The origin of the city's name "Nome" is debated. There are three theories. The first is that the name was given by Nome's founder, Jafet Lindeberg, an immigrant from Norway. Nome appears as a toponym in several places in Norway.

A second theory is that Nome received its name through an error: allegedly when a British cartographer copied an ambiguous annotation made by a British officer on a nautical chart, while on a voyage up the Bering Strait.

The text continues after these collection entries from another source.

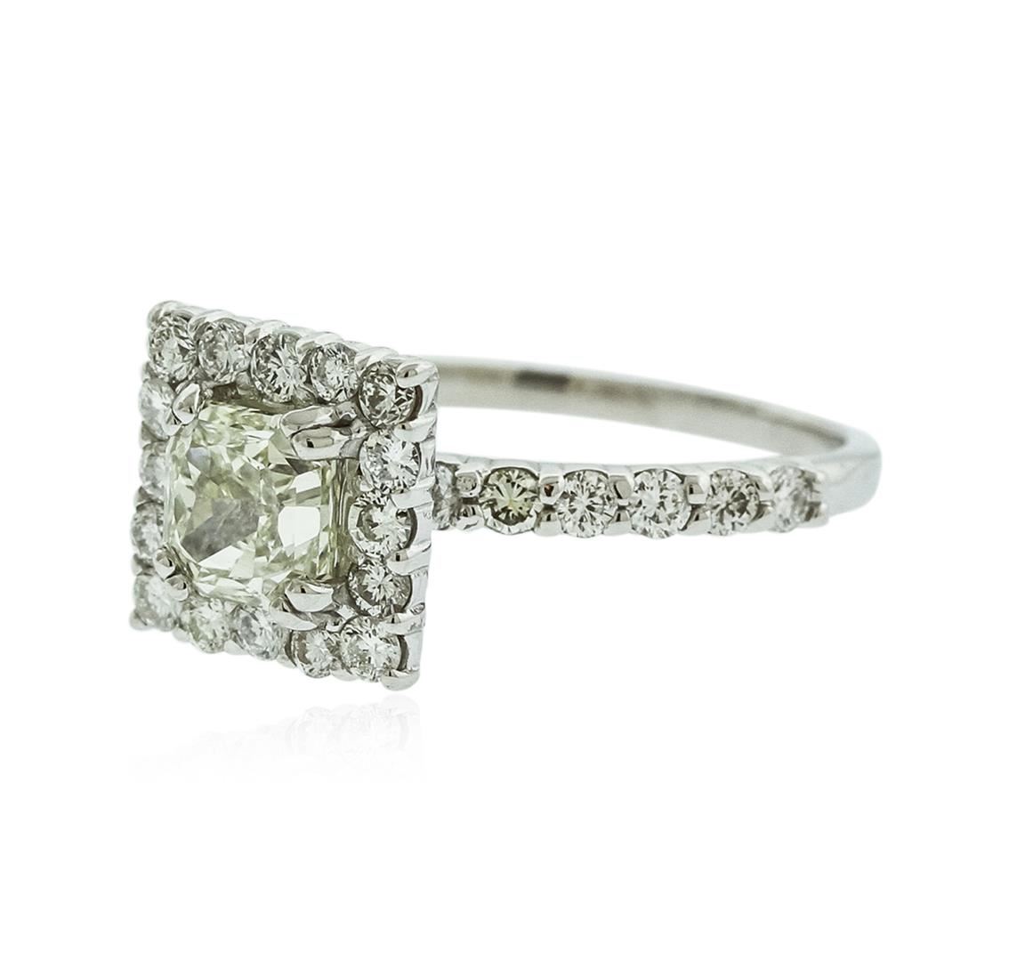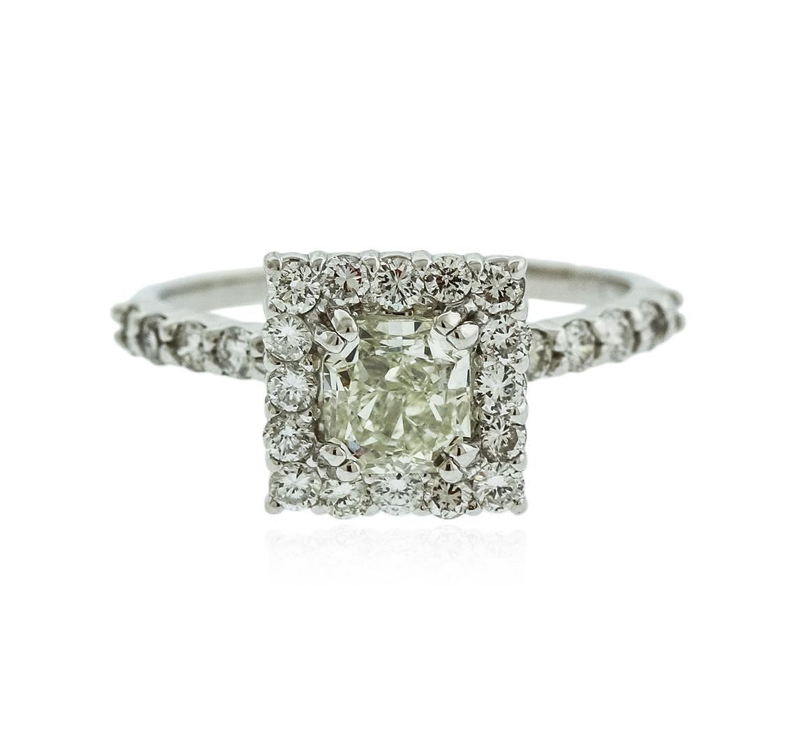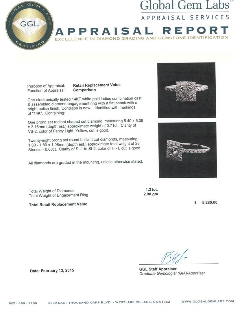 One electronically tested 14KT white gold ladies combination cast & assembled diamond engagement ring with a flat shank with a bright polish finish. Identified with markings of "14K". Condition is new. Containing: One prong set radiant shaped cut diamond, measuring 5.40 x 5.09 x 3.16mm (depth est.) approximate weight of 0.71ct. Clarity: VS-2, Cut is Good. Twenty-Eight prong set round brilliant cut diamonds, measuring 1.80 - 1.80 x 1.08mm (depth est.) approximate total weight of 28 Stones = 0.60ct. Clarity: SI-1 to SI-2. Color: H - I, Cut is Good. All diamonds are graded in the mounting, unless otherwise stated. Total Weight of Diamonds 1.31ct. Total Weight of Engagement Ring 2.90 grams. GGL Appraised at $5,280.00.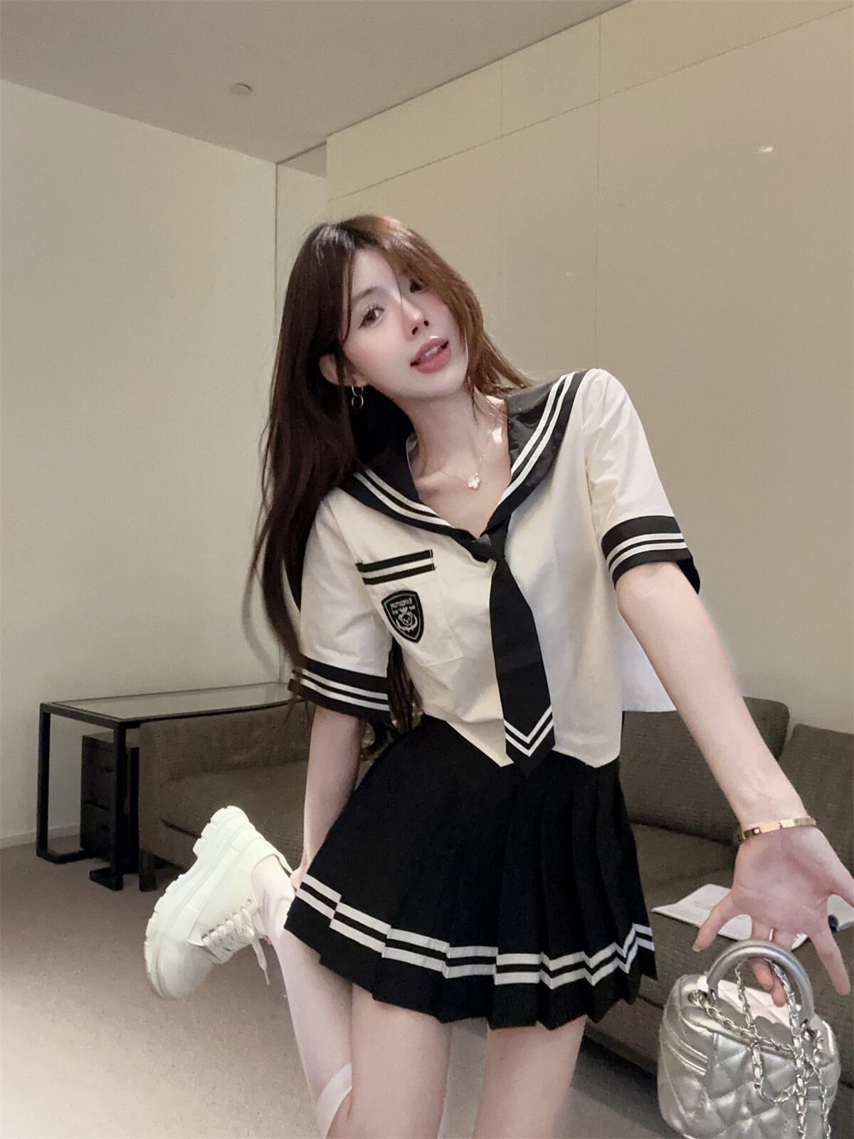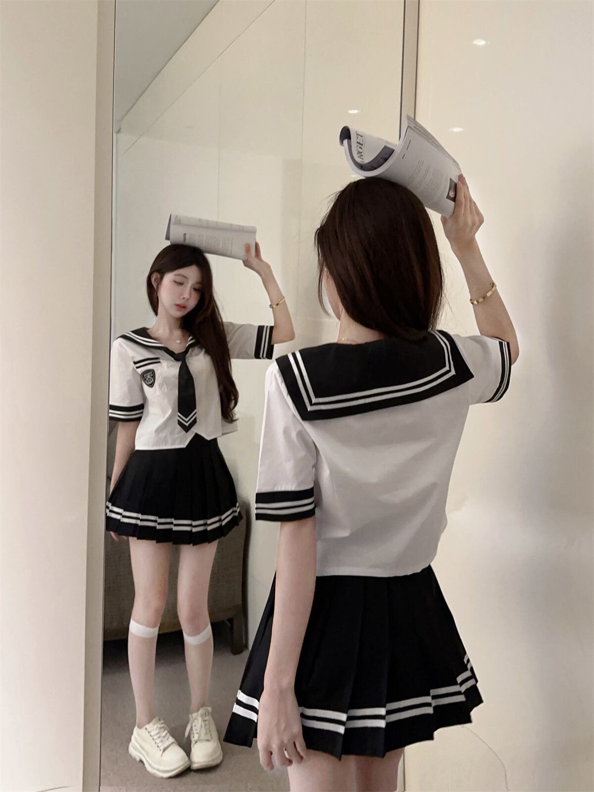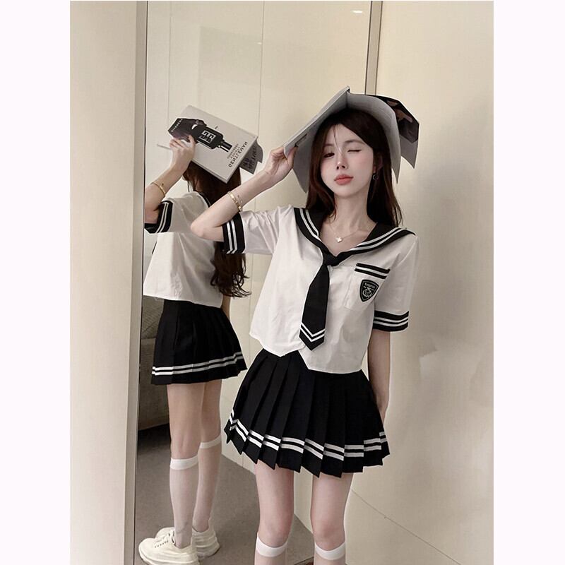 プレッピースタイルスーツ レディース 夏 セーラー襟 ゆったり 半袖 ネクタイ シャツ ウエストプリーツ ショートスカート 2点セット サマー 夏物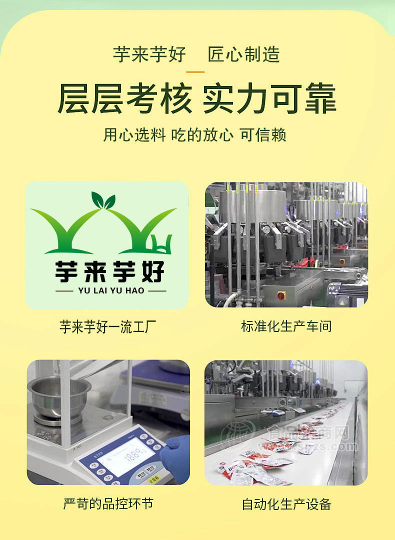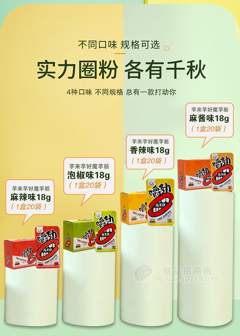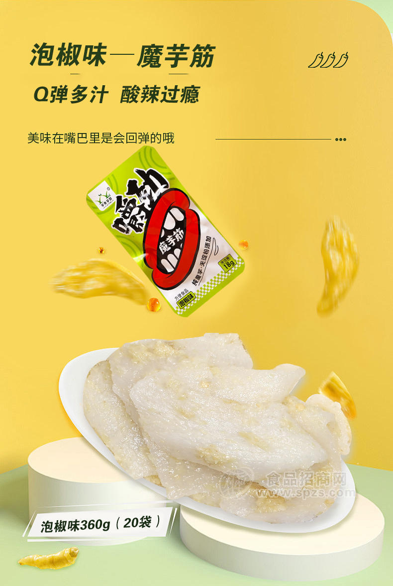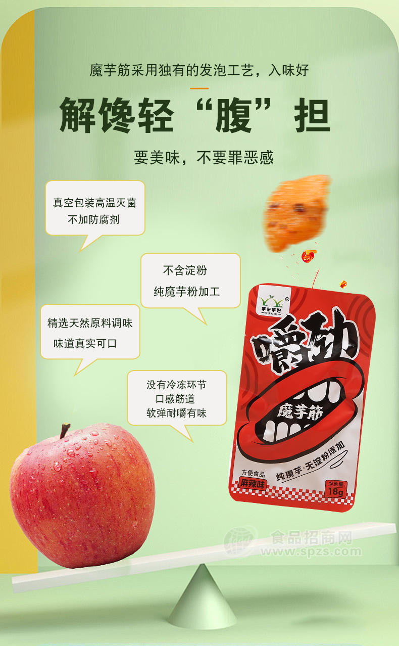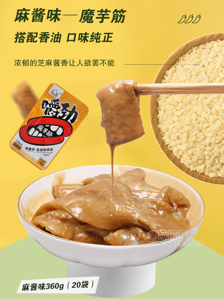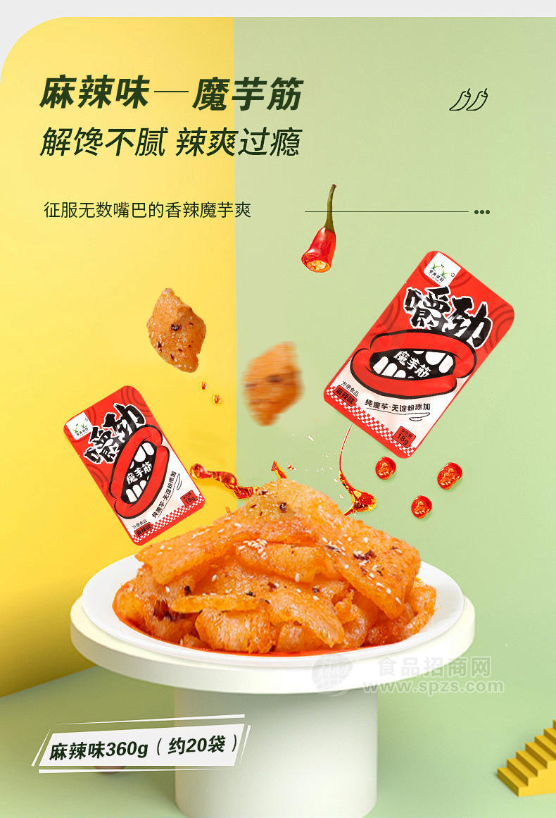 魔芋筋采用独有的发泡工艺,彻底去除魔芋怪味产品呈蜂窝状,更好入味。生产中不添加淀粉,纯魔芋粉加工。魔芋筋没有冷冻环节,口感筋道,不发硬,越嚼越有味。并且真空高温灭菌,不加防腐剂。自己熬油,天然调味,味道真实可口。有香辣,麻辣,麻酱,泡椒四种口味。

The officer had written "? Name" next to the unnamed cape. The mapmaker misread the annotation as "C. Nome", or Cape Nome, and used that name on his own chart. The city took its name from the cape. Noted toponymist and historian George R. Stewart favored this explanation, citing a letter from the British Admiralty which allegedly confirmed the story from historical records.

The third proposed origin of the name is from a misunderstanding of the local Inupiaq word for "Where at?", Naami.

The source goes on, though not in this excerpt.